③ It is hard to imagine that leaders of communist, authoritarian, or hegemonic nations would abandon their military-first stance.
④ The proposal relies too much on abstract, humanitarian idealism and lacks concrete goals that address reality.
⑤ The proposal is too general and overly ambitious, making it unlikely to be realized.
⑥ There is a risk that it will end up imposing a wasteful and excessive economic burden on Japan and Western countries.
⑦ Major companies are using it to promote the idea that their business activities are in line with the SDGs.
(2) Issues
I don’t want the Japanese government to engage in wasteful economic cooperation that amounts to “throwing money down the drain.” I don’t want to see a repeat of the mistakes of past aid to developing countries, where corruption was rampant and dictators and their wives ended up lining their pockets.
I hope they will promote the “national interest” through commercial investments.
By the way, Keidanren’s 2019 business policy was “Society 5.0 for SDGs.” I look forward to seeing positive initiatives from the business community.
<Added May 24, 2021>
4. Promotional Strategies for Independent Administrative Agencies Using the “SDGs”

As an aside, even non-private companies like the GPIF (Government Pension Investment Fund) advocate for the SDGs.

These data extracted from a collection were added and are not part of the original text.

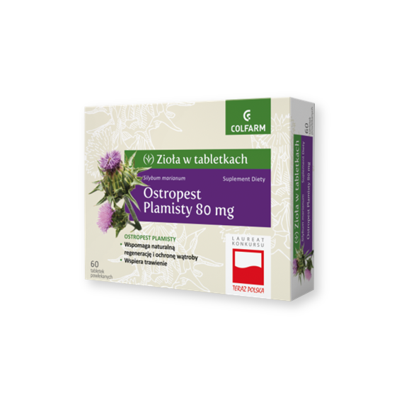 Ostropest Plamisty - suplement diety wspomagający produkcję żółci oraz naturalną regenerację komórek i tkanek wątroby. Produkt przeznaczony dla osób dorosłych.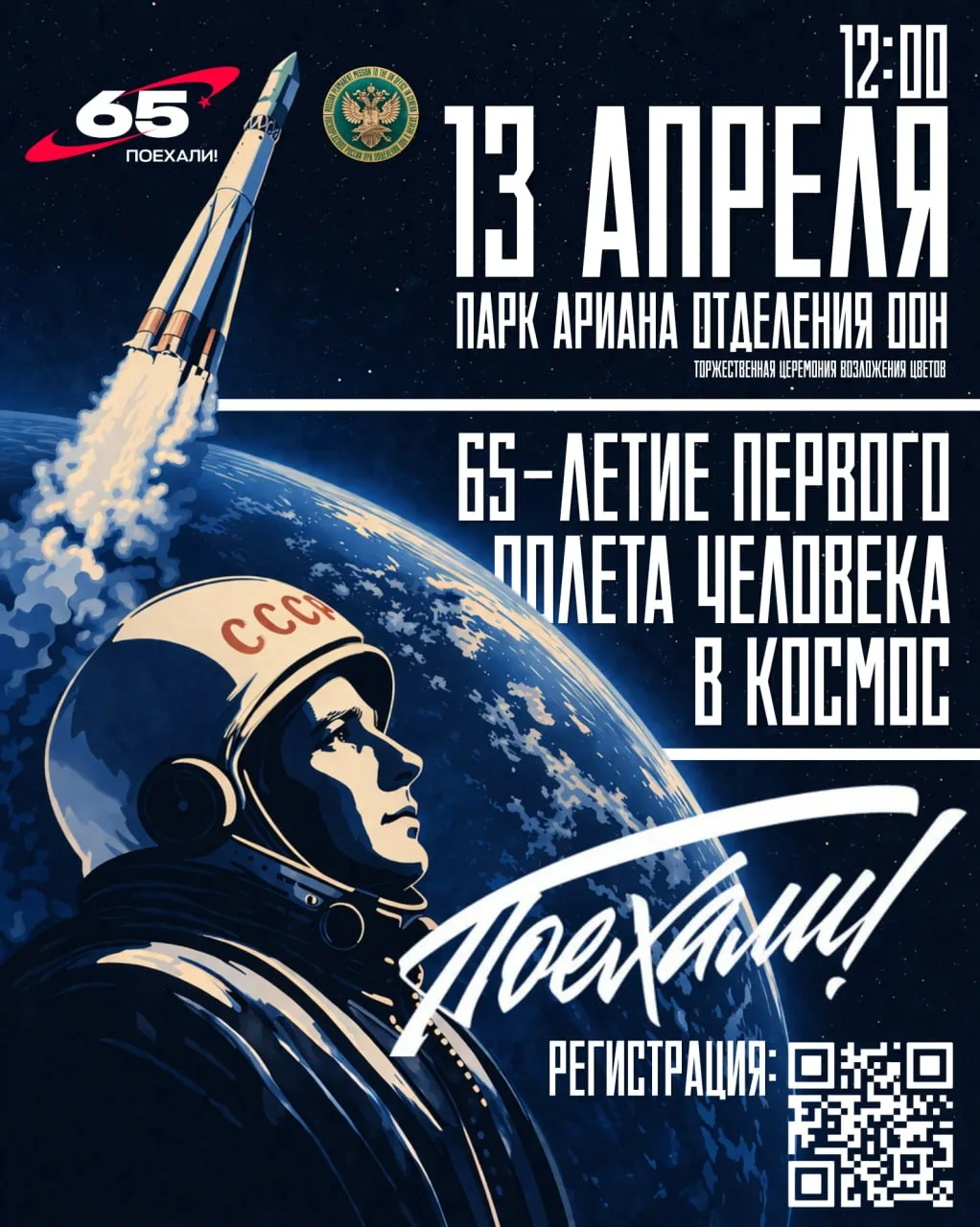 13 апреля 2026 г. в Отделении ООН в Женеве (парк Ариана) пройдёт торжественная церемония возложения цветов к монументу «Покорение космоса» в честь 65-летия первого пилотируемого космического полета, совершенного Ю.А.Гагариным. С приветственной речью выступят Постпред России при Отделении ООН в Женеве Г.М.Гатилов и Генеральный директор Отделения ООН в Женеве Т.Д.Валовая.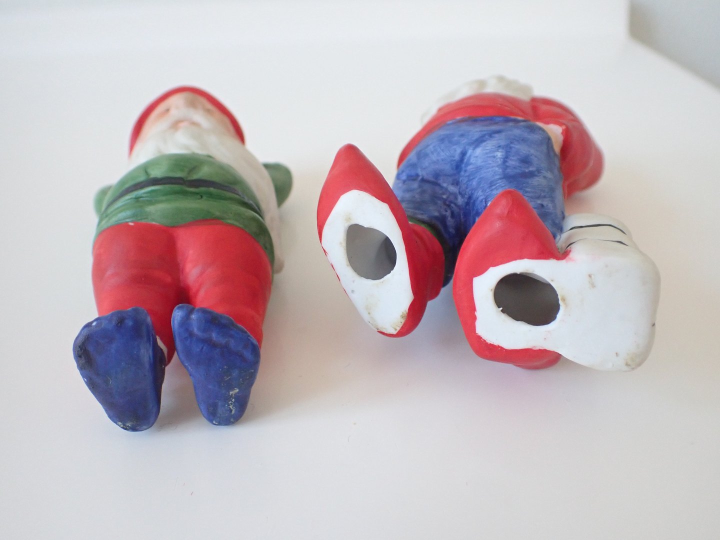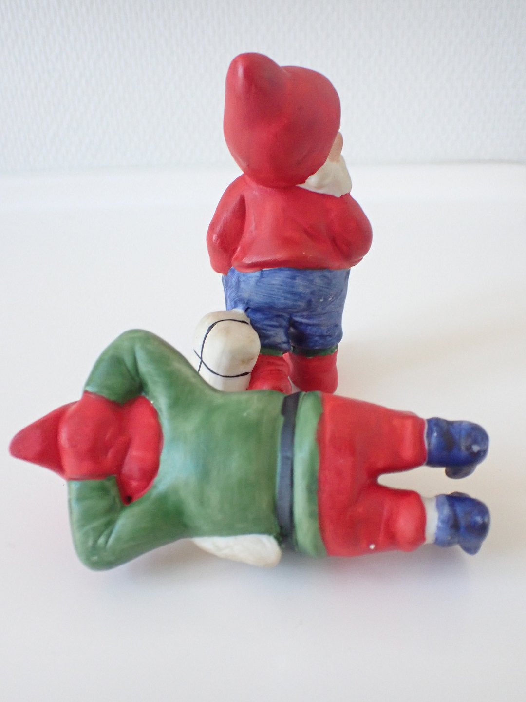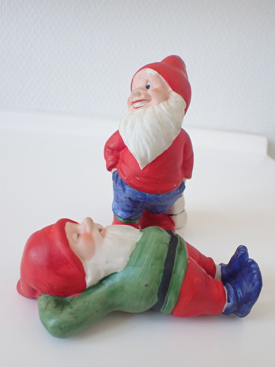 2 store håndmalede biscuitnisser, formentlig tyske. En ligger og sover og en står med en pakke. Fra 1970-erne. Højde: 10 cm. I fin stand. Sælges individuelt for 275 kr. pr. stk.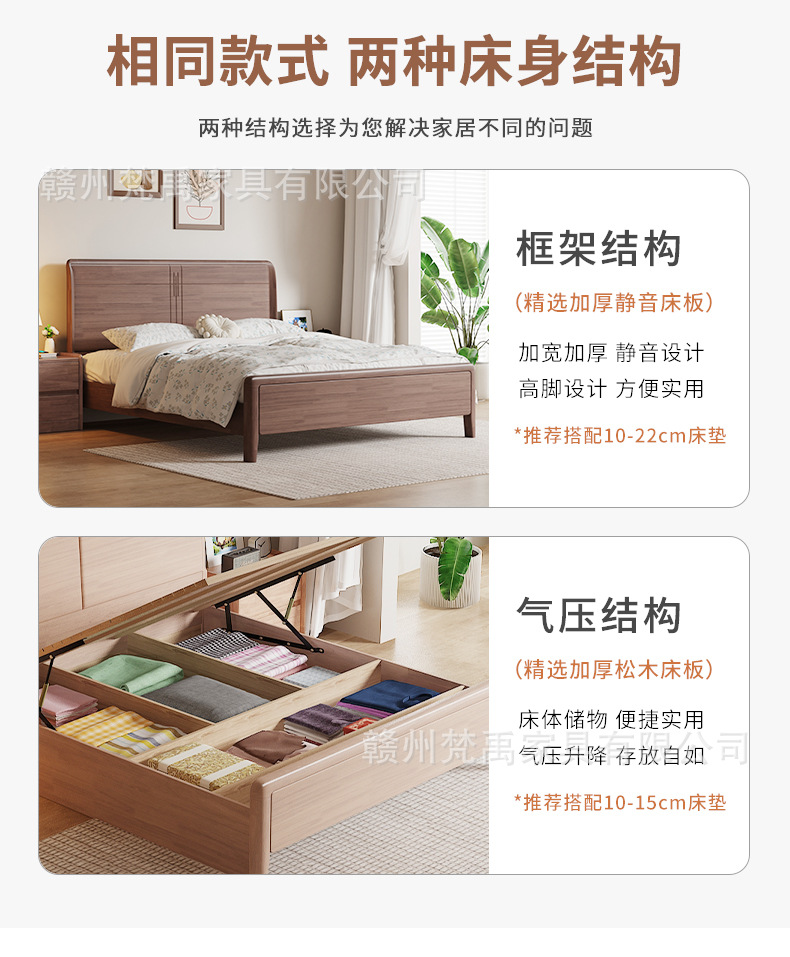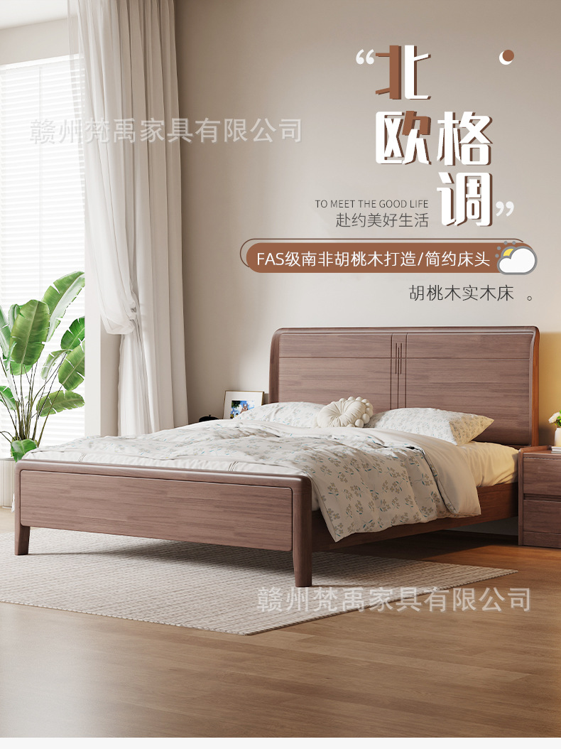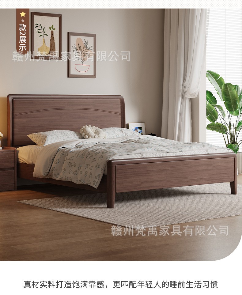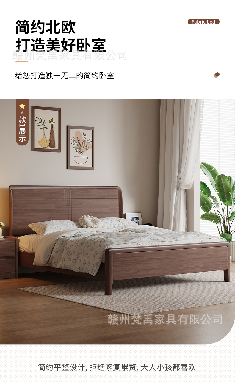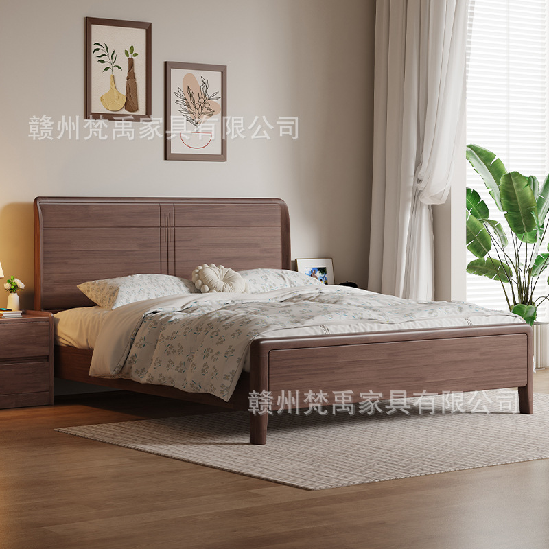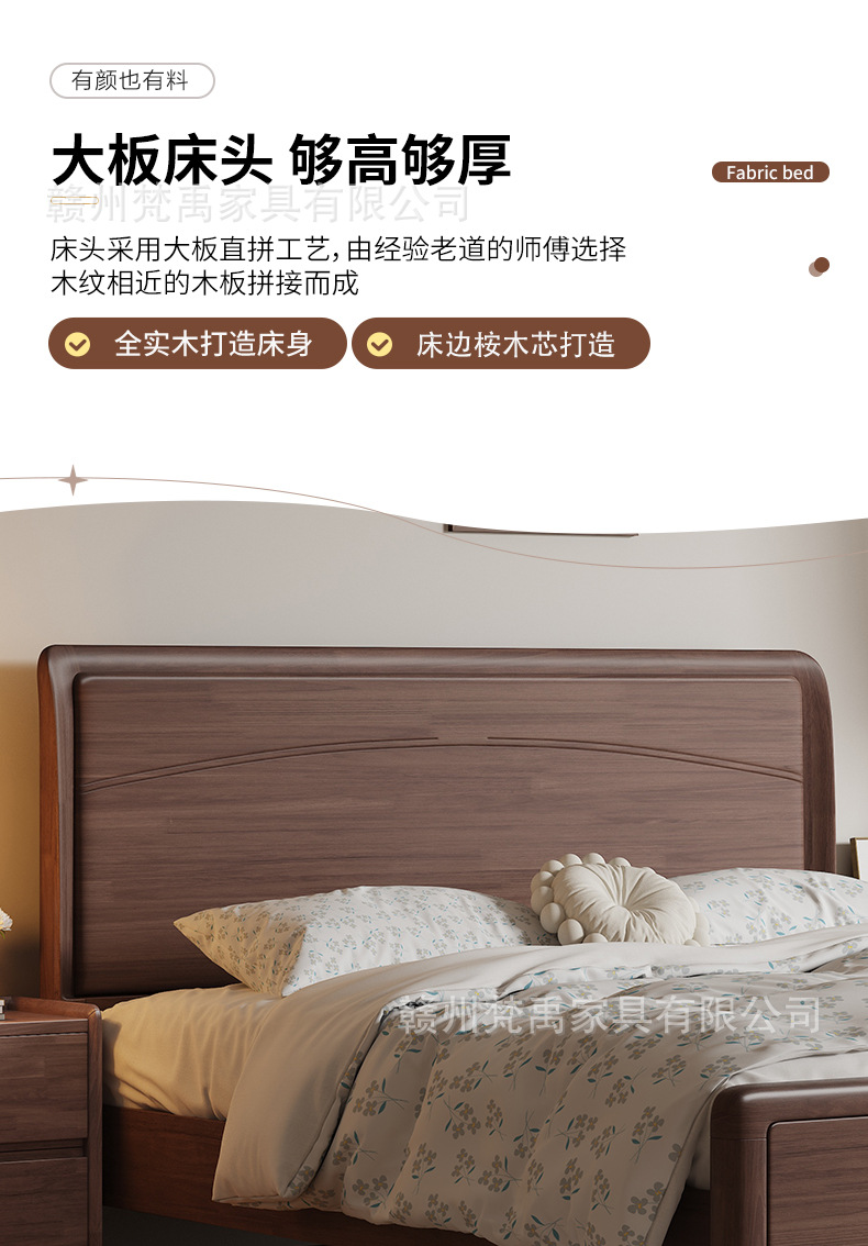 호두나무 두꺼운 원목 침대 가정용 크기 침실 수납 중세 스타일 1.8m 1.5m 더블 침대스토어 가기

However, this is essentially an organization for (Ministry of Health, Labor and Welfare) bureaucrats to retire to.
Regarding pension management, I remember vividly how, in the past, they built a large number of boxes and incurred huge losses, but no one mentions that anymore.
However, the GPIF manages pensions, which should be risk-averse, in stocks. It is the world’s largest fund (managed assets) with approximately 160 trillion yen, and fund managers are paid a fixed management fee (30 to 40 billion yen) even if they incur losses (or make profits) on stock trading.
It is no exaggeration to say that this is using the SDGs to glorify investment funds.
Rather than using this, I believe it’s more prudent to purchase “inflation-indexed bonds,” developed by Yoichi Takahashi, who resigned from his position as “Special Advisor to the Cabinet Office” after coming under fire for a Twitter post on May 24, 2021. These bonds are redeemed at maturity at a rate that scales with inflation. While you can’t expect capital gains from stocks, you won’t incur losses from stock price declines. There are no management fees.
In the long run, stock prices are also linked to inflation, making them the same as “inflation-indexed bonds.”
While the original product design included a risk of principal loss, “inflation-indexed bonds” issued since fiscal 2013 have a principal guarantee (floor) that guarantees redemption at face value if the indexation coefficient falls below 1 at redemption. Therefore, even if the price level at redemption falls below the price level at issuance, they will still be redeemed at face value. Interest payments are made twice a year, and the amount of interest is calculated by multiplying the notional principal amount at the time of each payment by the nominal interest rate. The nominal interest rate is fixed at the time of issuance and remains the same for all interest payments.
I find it puzzling why members of parliament and the public do not oppose the current pension management by the GPIF, which only benefits retired bureaucrats and fund managers from private financial institutions.